Before you start frequenting open houses in your quest to find your dream home, the loan pre-approval process is an important first step. “One of first things you need to do is to get pre-approved, especially in this marketplace,” says Deanna Daughhetee of American Equity Mortgage. “It’s important to know that you can qualify for a mortgage and the amount of the mortgage you can qualify for, so when you’re out shopping with your realtor, you know exactly what you can afford, especially with the stringent credit requirements right now.”

Daughhetee recommends working with a mortgage expert to be pre-approved and also suggests organizing all your materials prior to starting the process. “There are three basic categories: your income, your credit, and your assets and down payment. When you take the time to put everything together, it makes the process go so much faster.”

According to Doug Schukar of USA Mortgage, the secret of the game lies with the relationships between the real estate agent, the borrower and the loan officer. “That’s the key to success: That team has got to be operating on full cylinder, and normally it does,” he says. “I don’t believe that the industry can tell you better what you qualify for than you can tell yourself. So the next questions that you should ask: What amount do I feel comfortable with? Where do I feel comfortable with my payment? The consumer knows that almost right away.”

And with rates remaining low, Schukar points out that the consumer’s comfort zone is usually lower than what they qualify for, as borrowers are qualifying for a lot more. “But I think it’s still important for buyers to identify that comfort zone because I don’t want to tell the agent that you qualify for a $200,000 house when you really only want payments that support a $100,000 house,” he explains. “If the agent shows you a $200,000 house, you’re going to like that one better because $200,000 houses are a lot nicer than $100,000 houses, and there’s no sense in building that emotion up if the buyer doesn’t have the desire to be that paymentstrapped.
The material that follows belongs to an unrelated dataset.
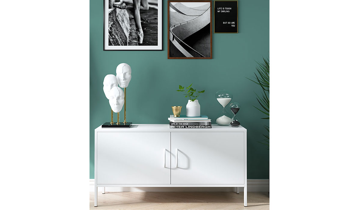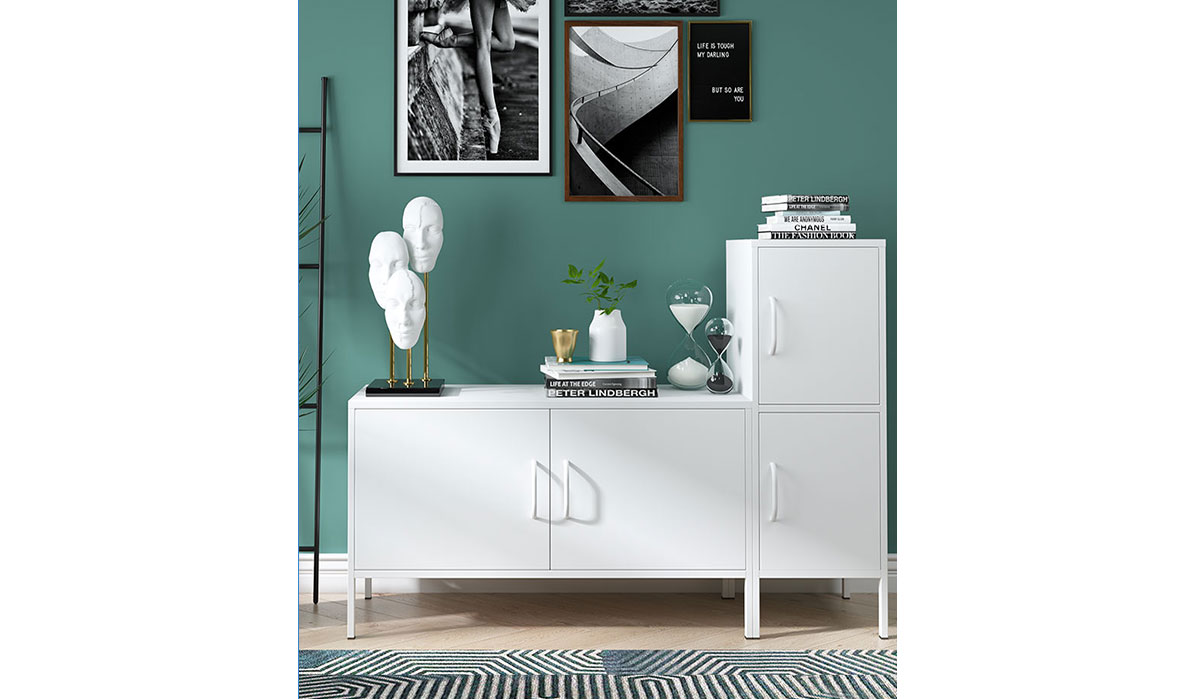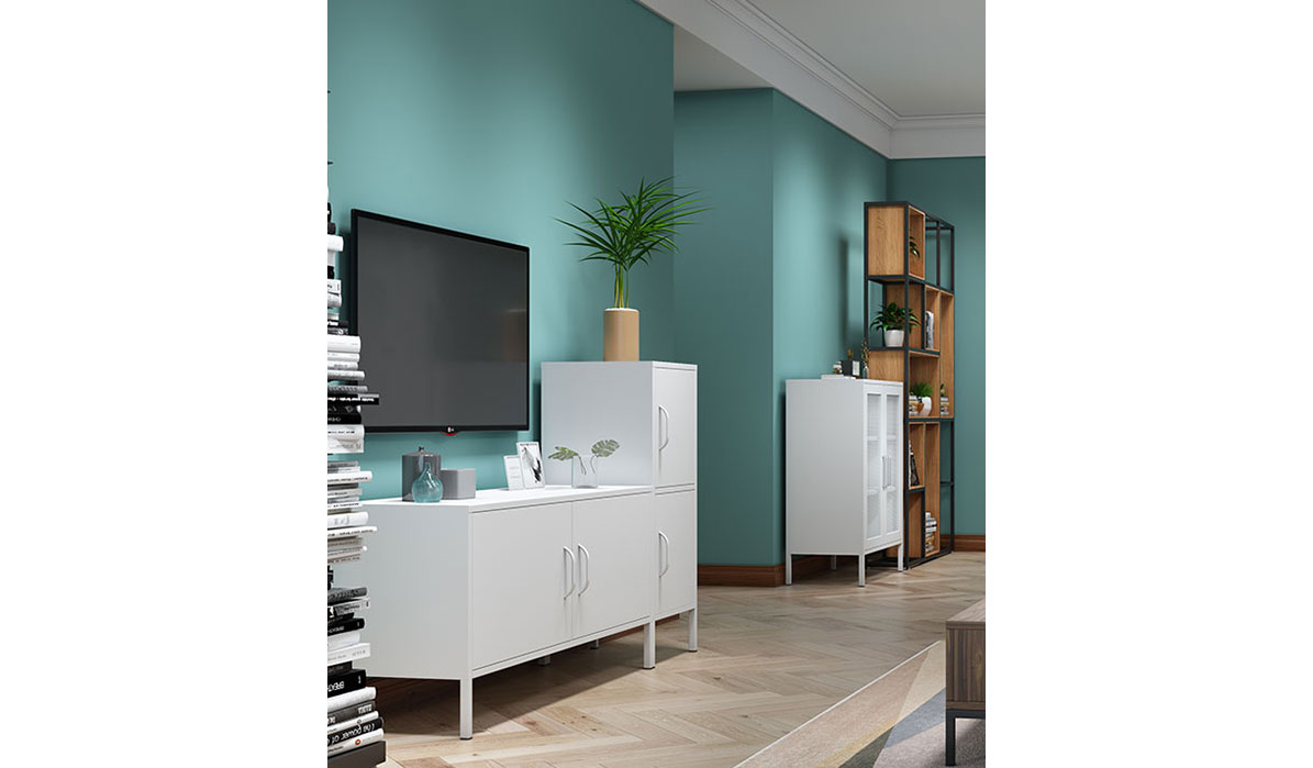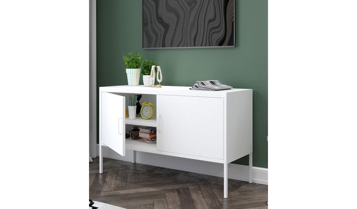 When lots of storage is needed, the brand new four-door filing cabinet delivers. This TV Stand uses modern design to create a contemporary yet classic look that enhances the style and functionality of any room in your home. It features eight filing shelves inside, with doors that keep everything concealed. Perfect for organizing a contemporary space, the cabinet features a bright white finish that complements any space. Add decorative accessories to the top to create a stylish addition to a living area or home office. A convenient combination of cabinet space and table surface area, this modern media center accommodates can bearing up to 100kg, making it a wonderful and solid choice in your living room or den, bedroom, entertainment area and more

Part of this is creating that realistic expectation of what you should be looking for.”

It also is important for buyers to understand that a pre-approval does not bind you to a lender, notes Ken Neiman of Stifel Bank & Trust. “The preapproval process doesn’t officially end the process because there has to be an appraisal,” Neiman says. “The process also allows the consumer the opportunity to find out what their problems might be. Most of the time, buyers find out after they have fallen in love with house and before they close, and we’re seeing an extraordinarily high fail rate in mortgage applications. A great portion of that is due to the heightened guidelines, but an even greater portion is people who don’t go through the process of figuring out what they can afford beforehand.”

Another important aspect of a pre-approval is that it helps when closing a deal. “It makes a big difference because they then know that the buyer is really going to be able to close,” Daughhetee notes. “It gives you a lot more negotiating power and you’re more apt to get the house that you want.”